▸ **EXERCISE AIM**
Your answer must be the exact lines below, starting with the line with "A l’origine de" and going on through the line with "Happy 75th Birthday", both included, with no pictures.

▸ **MATERIAL FOR THE TASK**
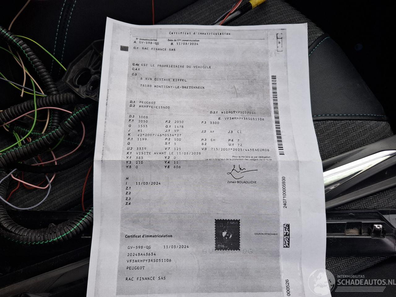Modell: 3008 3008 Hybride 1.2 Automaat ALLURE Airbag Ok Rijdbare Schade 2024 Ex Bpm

---

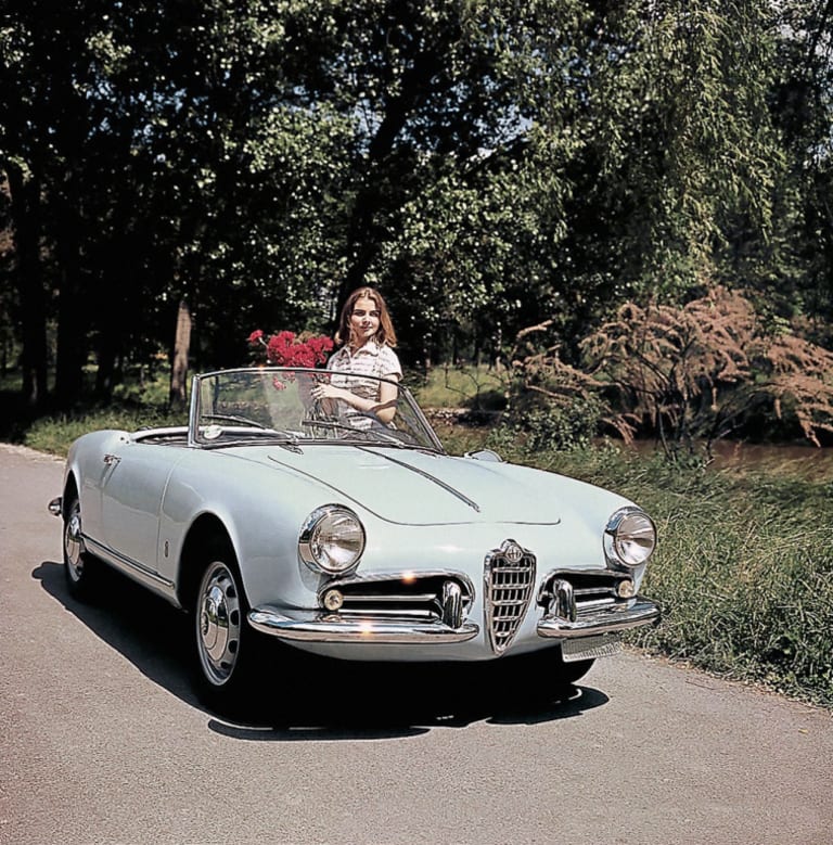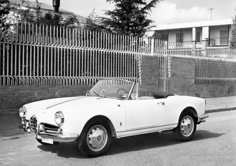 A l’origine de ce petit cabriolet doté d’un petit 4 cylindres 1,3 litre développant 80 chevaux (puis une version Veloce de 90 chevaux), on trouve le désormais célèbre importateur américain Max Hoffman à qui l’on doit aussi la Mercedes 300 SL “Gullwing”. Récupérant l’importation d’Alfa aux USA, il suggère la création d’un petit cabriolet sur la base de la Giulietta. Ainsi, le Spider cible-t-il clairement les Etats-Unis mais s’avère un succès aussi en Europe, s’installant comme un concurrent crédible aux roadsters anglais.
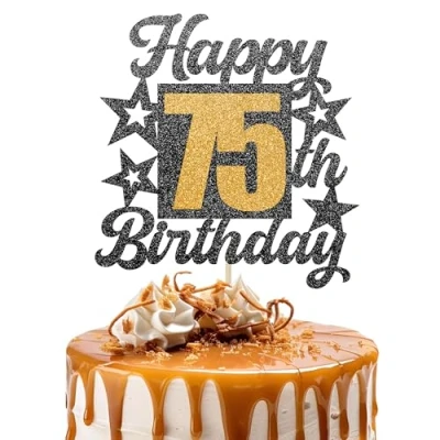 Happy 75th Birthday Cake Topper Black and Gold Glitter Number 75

▸ **RESULT OF THIS EXERCISE**
 A l’origine de ce petit cabriolet doté d’un petit 4 cylindres 1,3 litre développant 80 chevaux (puis une version Veloce de 90 chevaux), on trouve le désormais célèbre importateur américain Max Hoffman à qui l’on doit aussi la Mercedes 300 SL “Gullwing”. Récupérant l’importation d’Alfa aux USA, il suggère la création d’un petit cabriolet sur la base de la Giulietta. Ainsi, le Spider cible-t-il clairement les Etats-Unis mais s’avère un succès aussi en Europe, s’installant comme un concurrent crédible aux roadsters anglais.
 Happy 75th Birthday Cake Topper Black and Gold Glitter Number 75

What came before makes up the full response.